Where is the best place to catch live bait on Jekyll island. Mullet or other larger sized baitfish. And does the marina shop on pier 1 sell live bait?


----------



## Railroader (Apr 13, 2005)

tulisiak.2 said:


> Where is the best place to catch live bait on Jekyll island. Mullet or other larger sized baitfish. And does the marina shop on pier 1 sell live bait?


I know of no live bait on Jekyll, but there are bait places on the St. Simons Causeway, Blythe Island Park, and also on Ga Hwy 520, about 15 miles towards Waycross. They'll have live shrimp, and the guy on 520 will sometimes have mud minnows. No one tries to keep mullet, that I know of...

Your best bet for mullet will be a cast net, and they'll be where you see 'em. They'll let you net at the Jekyll Wharf, and at the public boat ramp near the South end. You might get some in the Sound at the South end, St. Andrews picnic area, as well. 

Good luck.


----------



## bigphil (Jul 9, 2006)

Dont know if that shop sells it or not.

Usually catch it in the cast net on the south end and sometimes on the north end around the pier and up on driftwood beach side.

I prefer to catch mullet at SSI. Just seem to have better luck finding it their in the surf.

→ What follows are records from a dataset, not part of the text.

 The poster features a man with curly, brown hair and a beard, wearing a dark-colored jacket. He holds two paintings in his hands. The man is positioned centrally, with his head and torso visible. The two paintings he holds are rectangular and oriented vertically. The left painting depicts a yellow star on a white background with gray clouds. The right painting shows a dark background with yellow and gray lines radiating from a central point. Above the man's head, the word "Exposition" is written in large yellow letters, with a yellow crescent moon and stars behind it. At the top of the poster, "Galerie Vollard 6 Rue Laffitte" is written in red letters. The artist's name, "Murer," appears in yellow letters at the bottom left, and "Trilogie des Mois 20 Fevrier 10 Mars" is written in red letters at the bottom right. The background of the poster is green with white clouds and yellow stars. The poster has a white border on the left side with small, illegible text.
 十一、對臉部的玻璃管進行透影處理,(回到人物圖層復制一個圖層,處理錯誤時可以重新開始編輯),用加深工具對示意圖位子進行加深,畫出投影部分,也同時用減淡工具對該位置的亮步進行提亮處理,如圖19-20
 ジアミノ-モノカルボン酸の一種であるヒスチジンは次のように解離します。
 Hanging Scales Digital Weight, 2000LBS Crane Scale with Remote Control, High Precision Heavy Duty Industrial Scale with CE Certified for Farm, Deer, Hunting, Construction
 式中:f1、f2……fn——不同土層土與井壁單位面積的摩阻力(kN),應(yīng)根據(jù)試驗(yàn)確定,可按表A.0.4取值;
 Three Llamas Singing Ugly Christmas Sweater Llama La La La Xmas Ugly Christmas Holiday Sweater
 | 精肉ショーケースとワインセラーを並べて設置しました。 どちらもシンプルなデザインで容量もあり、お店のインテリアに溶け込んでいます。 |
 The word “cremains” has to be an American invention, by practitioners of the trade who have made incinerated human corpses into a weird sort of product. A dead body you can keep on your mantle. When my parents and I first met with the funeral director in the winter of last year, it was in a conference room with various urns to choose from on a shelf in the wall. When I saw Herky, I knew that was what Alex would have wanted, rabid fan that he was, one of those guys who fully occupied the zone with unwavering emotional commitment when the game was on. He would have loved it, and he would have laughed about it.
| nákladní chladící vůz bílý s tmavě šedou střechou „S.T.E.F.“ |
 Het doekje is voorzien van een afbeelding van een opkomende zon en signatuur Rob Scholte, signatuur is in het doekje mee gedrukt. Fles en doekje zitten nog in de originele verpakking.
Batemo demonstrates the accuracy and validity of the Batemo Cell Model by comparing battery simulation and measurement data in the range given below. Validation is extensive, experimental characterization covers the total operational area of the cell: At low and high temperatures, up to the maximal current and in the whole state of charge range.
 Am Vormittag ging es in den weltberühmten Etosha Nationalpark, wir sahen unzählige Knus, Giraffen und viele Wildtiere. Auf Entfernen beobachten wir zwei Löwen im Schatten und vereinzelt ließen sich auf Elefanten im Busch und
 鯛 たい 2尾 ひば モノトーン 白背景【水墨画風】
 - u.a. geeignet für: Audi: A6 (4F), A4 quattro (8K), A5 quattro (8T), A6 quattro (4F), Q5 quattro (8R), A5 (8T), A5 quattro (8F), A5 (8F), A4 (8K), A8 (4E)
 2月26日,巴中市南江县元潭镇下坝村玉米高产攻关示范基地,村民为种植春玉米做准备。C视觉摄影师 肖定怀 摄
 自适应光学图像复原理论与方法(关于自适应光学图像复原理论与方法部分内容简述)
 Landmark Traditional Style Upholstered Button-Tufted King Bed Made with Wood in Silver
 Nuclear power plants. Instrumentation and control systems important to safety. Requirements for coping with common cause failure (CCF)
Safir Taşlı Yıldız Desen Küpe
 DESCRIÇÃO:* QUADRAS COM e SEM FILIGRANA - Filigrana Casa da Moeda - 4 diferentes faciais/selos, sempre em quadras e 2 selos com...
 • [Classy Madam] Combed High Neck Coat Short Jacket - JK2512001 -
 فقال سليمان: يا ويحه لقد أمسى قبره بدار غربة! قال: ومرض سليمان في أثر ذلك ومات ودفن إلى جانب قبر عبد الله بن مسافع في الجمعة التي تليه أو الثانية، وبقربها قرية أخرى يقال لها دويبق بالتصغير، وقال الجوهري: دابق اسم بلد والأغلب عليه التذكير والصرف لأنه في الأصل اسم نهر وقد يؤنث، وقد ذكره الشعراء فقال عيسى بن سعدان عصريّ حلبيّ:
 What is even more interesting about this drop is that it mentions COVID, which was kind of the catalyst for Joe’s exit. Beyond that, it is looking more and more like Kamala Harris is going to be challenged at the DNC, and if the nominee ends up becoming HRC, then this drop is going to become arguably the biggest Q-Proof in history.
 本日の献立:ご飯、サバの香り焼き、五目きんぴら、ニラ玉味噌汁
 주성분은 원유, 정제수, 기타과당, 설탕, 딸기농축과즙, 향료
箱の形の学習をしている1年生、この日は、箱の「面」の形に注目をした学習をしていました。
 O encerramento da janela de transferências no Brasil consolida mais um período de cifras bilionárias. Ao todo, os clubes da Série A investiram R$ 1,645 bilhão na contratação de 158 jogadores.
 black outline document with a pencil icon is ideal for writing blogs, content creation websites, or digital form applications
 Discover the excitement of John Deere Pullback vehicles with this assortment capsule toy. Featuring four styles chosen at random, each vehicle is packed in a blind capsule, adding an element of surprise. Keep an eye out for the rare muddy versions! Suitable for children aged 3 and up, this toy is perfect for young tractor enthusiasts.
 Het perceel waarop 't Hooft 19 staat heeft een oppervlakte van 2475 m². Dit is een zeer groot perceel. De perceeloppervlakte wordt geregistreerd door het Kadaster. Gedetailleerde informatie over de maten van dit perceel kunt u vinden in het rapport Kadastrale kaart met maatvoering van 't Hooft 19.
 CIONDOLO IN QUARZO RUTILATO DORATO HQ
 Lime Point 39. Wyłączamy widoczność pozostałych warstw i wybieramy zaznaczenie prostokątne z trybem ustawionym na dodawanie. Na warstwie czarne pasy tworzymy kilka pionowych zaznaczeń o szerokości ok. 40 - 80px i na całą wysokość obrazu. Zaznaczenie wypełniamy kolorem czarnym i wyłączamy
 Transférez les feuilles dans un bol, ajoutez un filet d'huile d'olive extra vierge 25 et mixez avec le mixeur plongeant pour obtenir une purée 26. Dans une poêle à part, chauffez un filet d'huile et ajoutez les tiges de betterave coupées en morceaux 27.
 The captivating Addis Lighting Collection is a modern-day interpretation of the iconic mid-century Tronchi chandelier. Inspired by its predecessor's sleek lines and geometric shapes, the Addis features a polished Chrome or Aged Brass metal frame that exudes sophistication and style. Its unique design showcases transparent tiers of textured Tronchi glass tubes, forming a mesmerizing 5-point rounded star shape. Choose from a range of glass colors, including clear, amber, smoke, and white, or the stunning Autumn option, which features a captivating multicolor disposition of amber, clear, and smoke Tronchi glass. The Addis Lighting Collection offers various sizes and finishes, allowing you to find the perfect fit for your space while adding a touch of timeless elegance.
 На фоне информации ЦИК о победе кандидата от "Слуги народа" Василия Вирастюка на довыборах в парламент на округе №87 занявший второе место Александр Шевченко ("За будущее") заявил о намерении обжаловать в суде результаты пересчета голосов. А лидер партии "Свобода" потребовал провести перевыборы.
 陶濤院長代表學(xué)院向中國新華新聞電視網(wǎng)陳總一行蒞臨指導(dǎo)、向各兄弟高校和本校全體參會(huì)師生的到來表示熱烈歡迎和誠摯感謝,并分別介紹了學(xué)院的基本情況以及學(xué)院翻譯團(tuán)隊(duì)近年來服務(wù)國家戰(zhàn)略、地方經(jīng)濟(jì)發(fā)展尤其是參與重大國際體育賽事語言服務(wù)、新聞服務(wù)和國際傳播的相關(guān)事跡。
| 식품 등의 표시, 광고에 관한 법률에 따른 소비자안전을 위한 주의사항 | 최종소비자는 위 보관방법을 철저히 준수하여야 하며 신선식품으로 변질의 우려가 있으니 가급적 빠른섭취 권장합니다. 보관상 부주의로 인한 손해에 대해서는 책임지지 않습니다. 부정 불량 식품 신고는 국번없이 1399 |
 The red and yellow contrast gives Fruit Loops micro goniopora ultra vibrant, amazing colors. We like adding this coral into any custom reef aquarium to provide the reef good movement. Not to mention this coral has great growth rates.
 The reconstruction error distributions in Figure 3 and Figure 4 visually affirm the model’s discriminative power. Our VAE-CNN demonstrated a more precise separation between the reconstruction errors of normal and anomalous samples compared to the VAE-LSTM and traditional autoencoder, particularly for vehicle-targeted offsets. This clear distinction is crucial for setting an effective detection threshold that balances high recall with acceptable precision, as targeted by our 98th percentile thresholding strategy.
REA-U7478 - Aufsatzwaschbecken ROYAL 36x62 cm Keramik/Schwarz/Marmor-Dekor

Oh, you need to be nice to the shrimpers on the south end of the island.  When all else fails, you can pick it out of their nets.


----------



## lazy fisherman (Jul 1, 2006)

I've seen big schools of menhaden at Jekyll, too. Was fishing the old bridge and they were thick enough that I snagged one on a lure by accident. I've also seen them off the driftwood beach. That was in early May, don't know if they're seasonal or not.


----------